Pence and McCain aren't completely wrong. There are faint signs of progress since the surge began seven weeks ago.
Some militia forces have pulled out to avoid contact with U.S. troops, execution-style killings are down and things have calmed enough that the city's curfew has been shortened by two hours.
But the killings and bombings have continued, and there are signs the worst violence has merely moved elsewhere. Last week, a pair of truck bombings killed 152 people in Tal
Afar, a city Bush once cited as a model of the U.S. "clear, hold and build" strategy. Reprisals quickly killed 45 more.
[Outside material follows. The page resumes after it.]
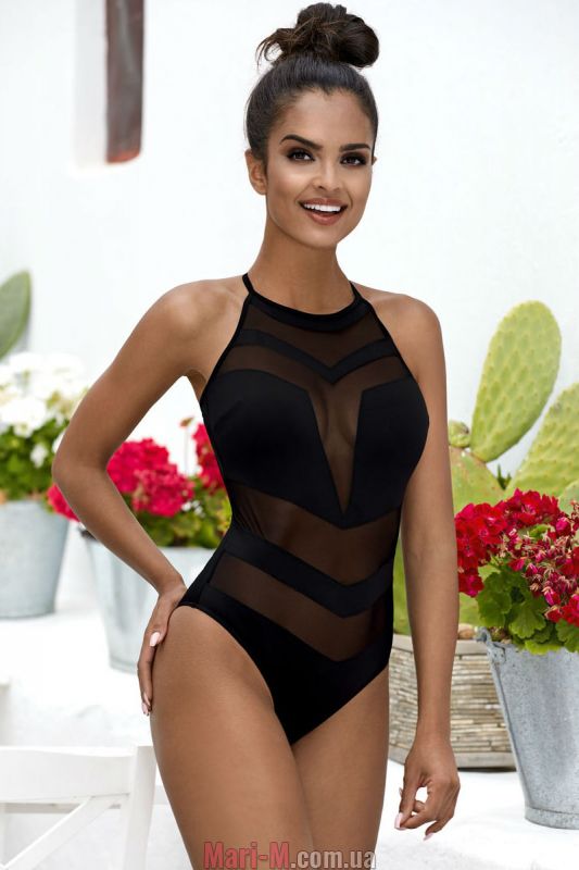 Слитный купальник L4357 Lorin. Слитный купальник в классическом черном цвете, декорированный вставками из микросетки. Лиф мягкий, с закрытым декольте, тонкая бретель застёгивается на шее сзади, к ней крепятся широкие эластичные бретели на спинке.

Supporters of the surge say troops have cut down on bombings by putting concrete barriers around markets such as the one Pence and McCain visited (where a bombing killed scores of people in February). But killers are as adaptable as they are vicious; last week, a suicide bomber walked past barriers into another market and blew himself up, killing more than 60 people.
From the start, the war has ebbed and flowed. There have been times when deaths and attacks fell, when it was tempting to conclude that U.S.-led forces had turned the tide. But too often, supposed signs of progress - more cooperation and intelligence tips from Iraqis, for example - are familiar claims officials have made over and over again almost since the 2003 invasion.
It's not that there's no good news. Rather, the flood of good news that flowed from Iraq during and after the invasion was gradually overwhelmed by rebellion, rising sectarian slaughter, virulent anti-Americanism and the failure of one strategy after another. Now when Bush says this plan will work, the public and the media are understandably wary.
That history - as well as the disturbing facts on the ground - are ample reason to be skeptical that the surge will succeed. But given the price of defeat, there is also compelling reason to hope that it will.
It's just too early for judgment.
We certainly know that life in Baghdad is nothing like a peaceful summer afternoon in Indiana. But it's not entirely like it was three months ago, either. The relevant question is what it will look like six months from now.